Но чума не унималась. Пролетарские ряды редели. Работать в этих условиях было более чем трудно. День за днем надо было начинать все сначала. И, в довершение всего, сейчас: обрыв – голод. Молодая, зарождающаяся коммуна, обреченная на голодную смерть… В борьбе за кусок хлеба на баррикадах англо-американской концессии лягут остатки и без того уже поределых рядов парижского пролетариата. К тому же в существование серьезных запасов продовольствия на территории концессии товарищ Лаваль не верил.

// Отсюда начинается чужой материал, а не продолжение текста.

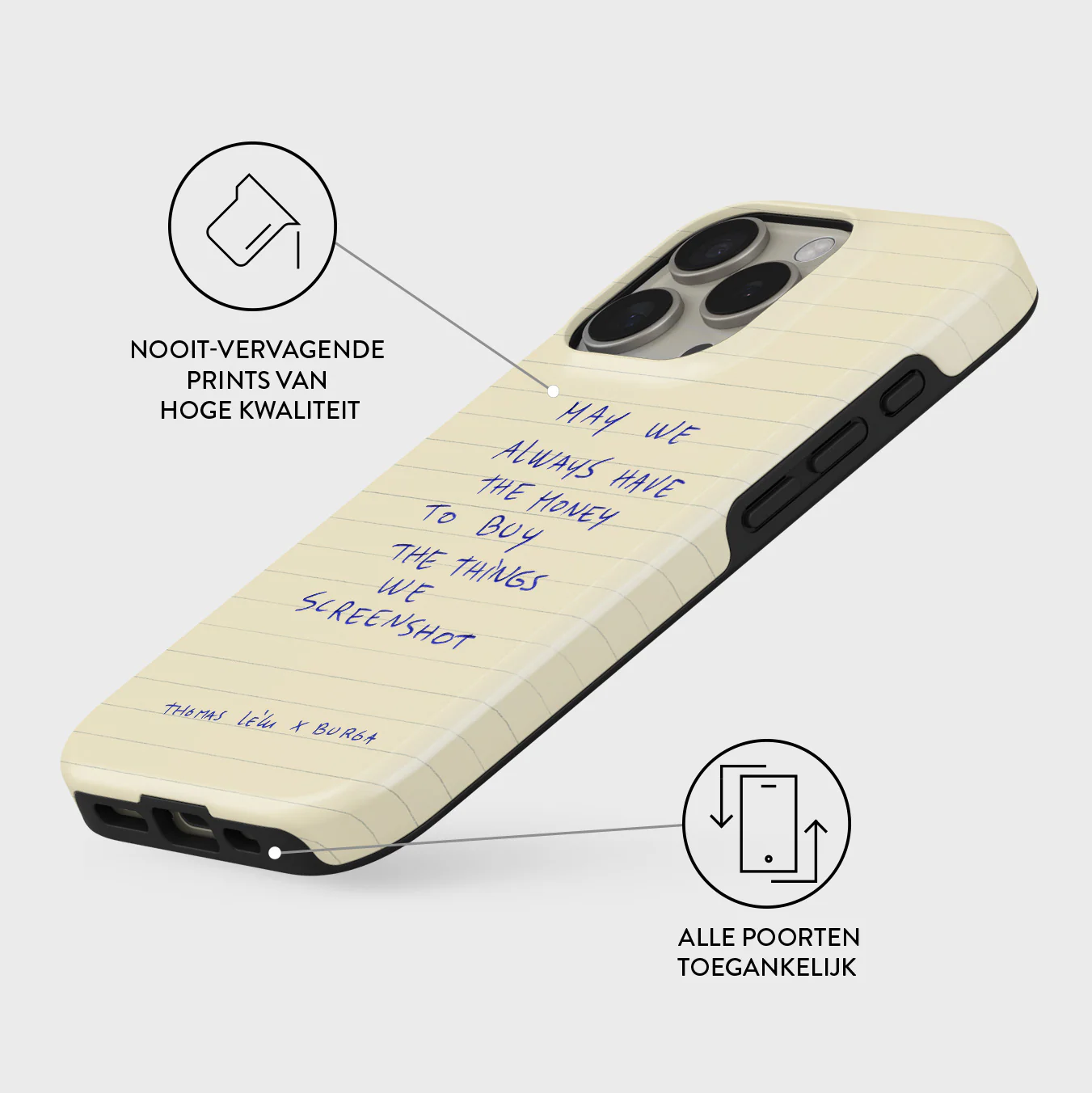 - Verhoogde randen rond de camera voor extra bescherming.

Все рушилось на глазах под тяжелым неумолимым обухом. Последняя угроза по адресу тех, империалистов, обжирающихся в покое и достатке за кордоном и терпеливо выжидающих, когда последний парижанин подохнет, наконец, от голода и заразы, – обманула. Что же оставалось? Капитулировать и сложа руки ждать смерти или бежать самому ей навстречу на баррикады зачумленной американской концессии?
Товарищ Лаваль молчаливо ворочал, как некогда лопатой уголь, пуды тяжелых, невеселых мыслей.
* * *Поздно ночью в квартиру главнокомандующего войсками коммуны Бельвиль, товарища Лекока, постучались.
Товарищ Лекок ощупью отыскал на столе у кровати пенсне, посадил его кое-как на нос и, накинув на белье солдатскую шинель, пошел открыть дверь, зажигая по дороге электричество.
– Это вы, товарищ Лаваль? Что случилось? Произошло что-нибудь важное?
– Я к вам, товарищ командующий, по делу. А дело у меня спешное, не личное – коммунальное, не вытерпел до утра. Не прогневайтесь… – говорил, комкая в руках фуражку, товарищ Лаваль.